Exercise instructions: Only the lines below from the one containing "Velmi odolný pracovní" through the one containing "Tumaas ng 8.4%" belong in the answer, set down exactly, with the pictures left out.

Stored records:
=====

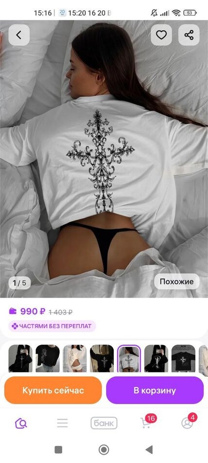 Приспичило мне тут купить лонг с дырочками для большого пальца (не знаю как это правильно назвать). Бывает такое — вот надо и всё. И вот ты сидишь 3 часа на ВБ, листая абсолютно однотипные карточки товаров в надежде найти "то самое". Но в этот раз ВБ меня реально удивил. Наверное, все уже пошутили на тему того, что когда ищешь лосины на маркетплейсах — самое главное прорваться через лес поп. Нет, серьезно, миллион приколов и мемов на эту тему, но тайну того, зачем моделей фоткают в раскаряку на карточках таких товаров, мне так никто и не выдал). Но тут хотя бы все привычно и ничего удивительного. Удивительно было увидеть на заглавной карточке товара лонгслива попу в стринах, занимающую места примерно столько же сколько и лонгслив. Причем трусы какие-то странные. Ощущение, что там что-то нафотошопили. И вот зачем мне эта попа, когда я ищу лонгслив.. Попа то красивая, но блин просто зачем? Сексуализируем и объективируем женское тело просто по привычке? Что вы думаете об этом? Поделитесь
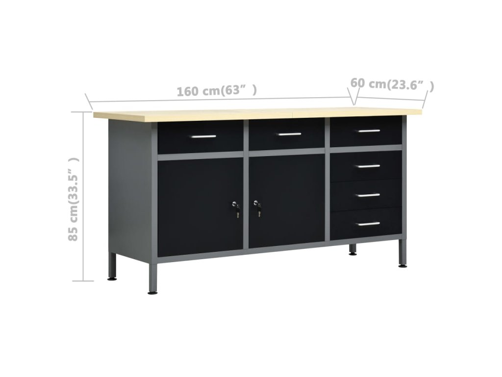 Velmi odolný pracovní stůl s velkým úložným prostorem má nosnost 500 kg. Jeho prostorná a odolná stolní deska je stabilní plocha pro všechny vaše pracovní činnosti. Tento pracovní stůl má 6 zásuvek, kam si můžete dobře uspořádat své nářadí, díly a příslušenství, jako jsou šrouby, hřebíky a lepicí pásky. Všechny zásuvky jsou vybavené kuličkovými pojezdy pro snadné vysouvání a zasouvání. Za uzamykatelnými dvířky jsou 2 police a velká přihrádka pro větší nástroje, jako jsou vrtačky, bubny s kabely a brusky. Výškově nastavitelné nohy vám umožňují přizpůsobit si výšku stolu. Celý ponk je vyrobený z prvotřídní oceli a dřevotřísky, a proto je mimořádně robustní, má dlouhou životnost a snadno se čistí. Jeho sestavení je snadné.
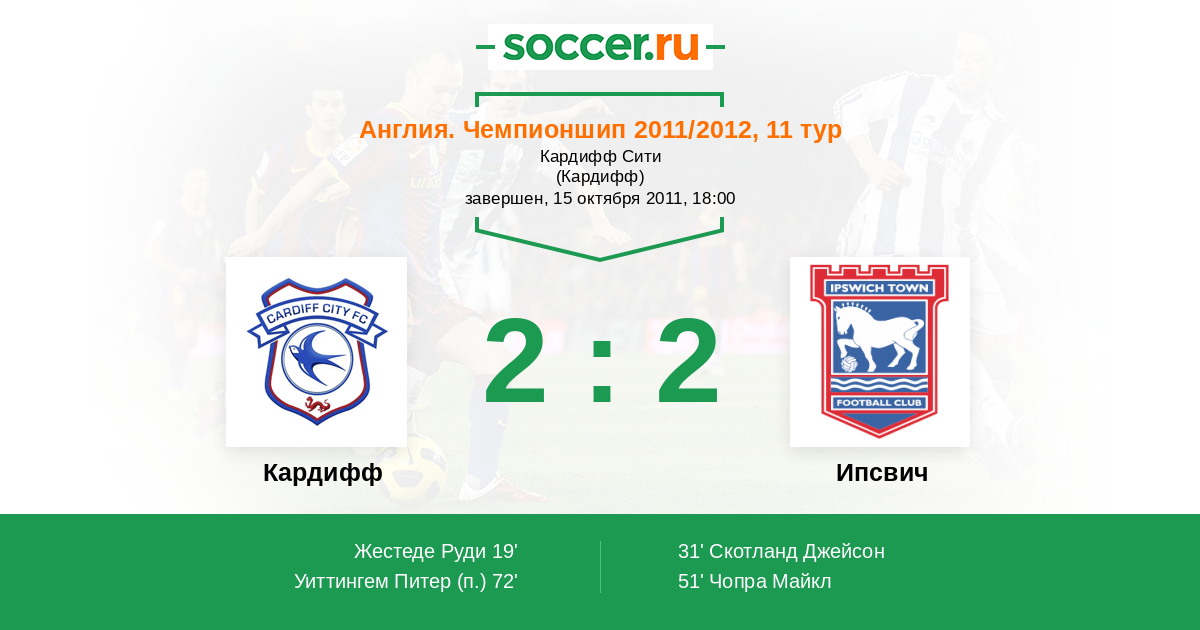 Протокол матча Кардифф против Ипсвич
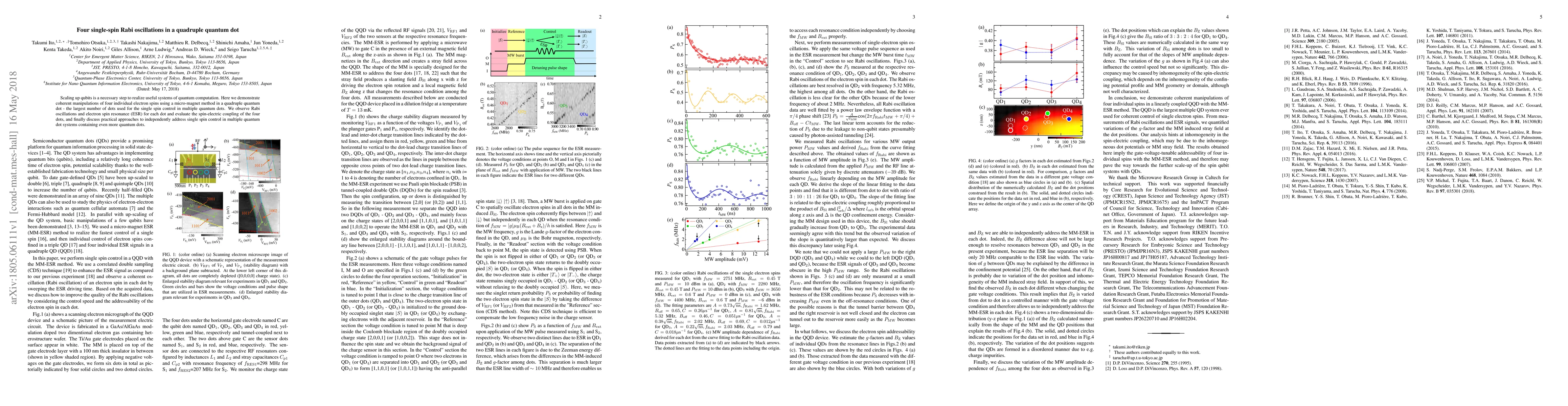 This paper demonstrates coherent manipulation of four individual electron spins in a quadruple quantum dot using a micro-magnet method, observing Rabi oscillations and electron spin resonance for each dot, and discusses strategies for addressing single spin control in larger quantum dot systems.
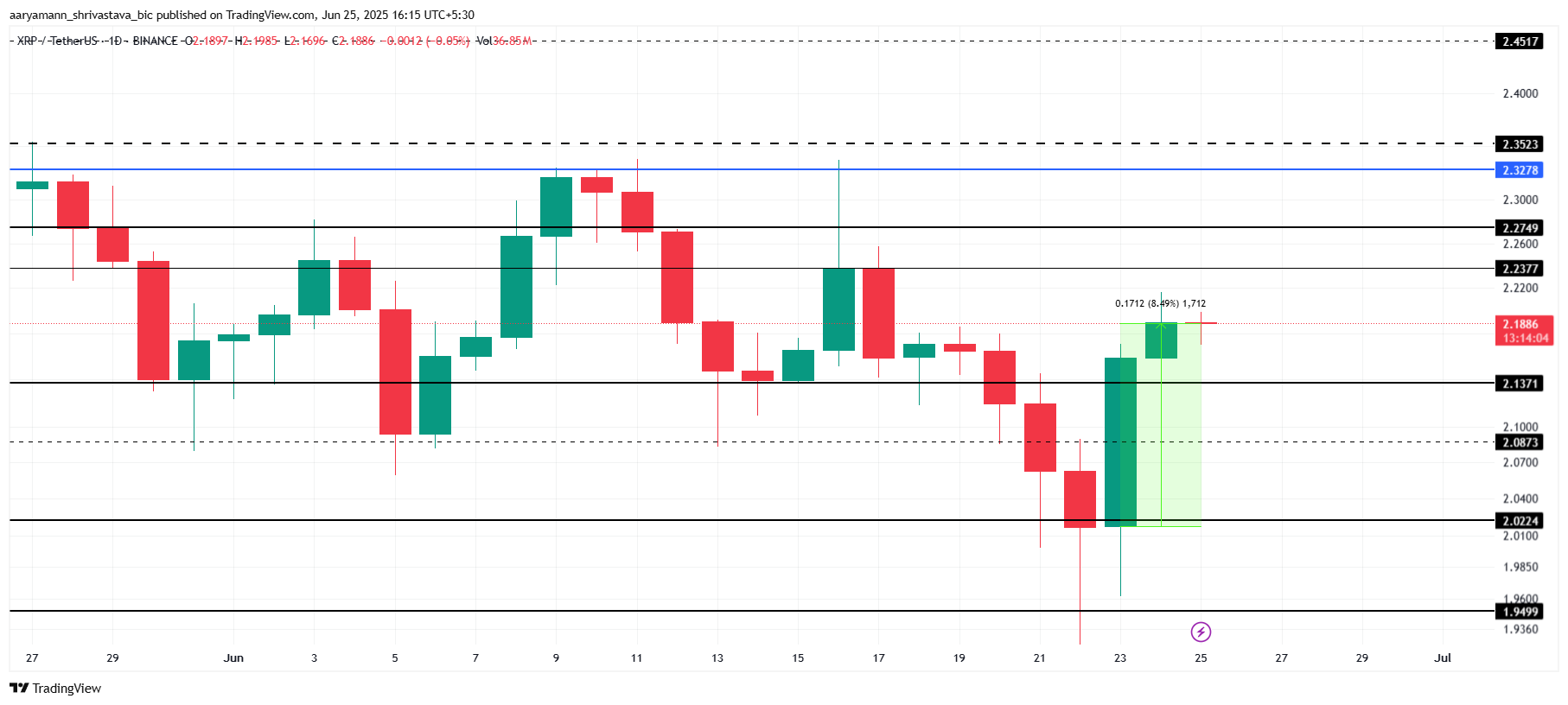 Tumaas ng 8.4% ang presyo ng XRP sa nakalipas na 48 oras, kasalukuyang nasa $2.18. Dahil sa malakas na suporta ng mga whale, pwedeng magpatuloy ang momentum na ito sa malapit na panahon. Kung magpapatuloy ang pag-accumulate ng mga whales at maging positibo ang market sentiment, maaaring magpatuloy ang pagtaas ng XRP, na may $2.23 bilang susunod na key resistance level.
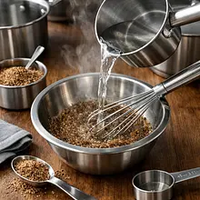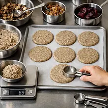 Przygotuj 'żel' z siemienia: zmieszaj 15 g mielonego siemienia lnianego z 45 ml gorącej wody (3× więcej wody niż siemienia), odstaw na 5 minut aż zgęstnieje. Do dużej miski włóż ugotowaną kaszę (200 g ugotowanej kaszy — tu używamy wcześniej ugotowanej porcji), dodaj 200 g pieczonych i przestudzonych plasterków buraka pokrojonych drobno, 80 g zmielonych płatków owsianych, 200 g podsmażonych grzybów z cebulą (całość z kroku 3) oraz żel lniany. Dopraw 2 g soli i 1 g pieprzu. Wymieszaj energicznie łyżką — masa powinna być plastyczna, lekko lepka i dawać się formować w kulki; jeśli jest zbyt sucha, dodaj 1–2 łyżki (15–30 ml) wody; jeśli zbyt luźna, dodaj 10–20 g płatków owsianych.

=====

Written answer:
 Velmi odolný pracovní stůl s velkým úložným prostorem má nosnost 500 kg. Jeho prostorná a odolná stolní deska je stabilní plocha pro všechny vaše pracovní činnosti. Tento pracovní stůl má 6 zásuvek, kam si můžete dobře uspořádat své nářadí, díly a příslušenství, jako jsou šrouby, hřebíky a lepicí pásky. Všechny zásuvky jsou vybavené kuličkovými pojezdy pro snadné vysouvání a zasouvání. Za uzamykatelnými dvířky jsou 2 police a velká přihrádka pro větší nástroje, jako jsou vrtačky, bubny s kabely a brusky. Výškově nastavitelné nohy vám umožňují přizpůsobit si výšku stolu. Celý ponk je vyrobený z prvotřídní oceli a dřevotřísky, a proto je mimořádně robustní, má dlouhou životnost a snadno se čistí. Jeho sestavení je snadné.
 Протокол матча Кардифф против Ипсвич
 This paper demonstrates coherent manipulation of four individual electron spins in a quadruple quantum dot using a micro-magnet method, observing Rabi oscillations and electron spin resonance for each dot, and discusses strategies for addressing single spin control in larger quantum dot systems.
 Tumaas ng 8.4% ang presyo ng XRP sa nakalipas na 48 oras, kasalukuyang nasa $2.18. Dahil sa malakas na suporta ng mga whale, pwedeng magpatuloy ang momentum na ito sa malapit na panahon. Kung magpapatuloy ang pag-accumulate ng mga whales at maging positibo ang market sentiment, maaaring magpatuloy ang pagtaas ng XRP, na may $2.23 bilang susunod na key resistance level.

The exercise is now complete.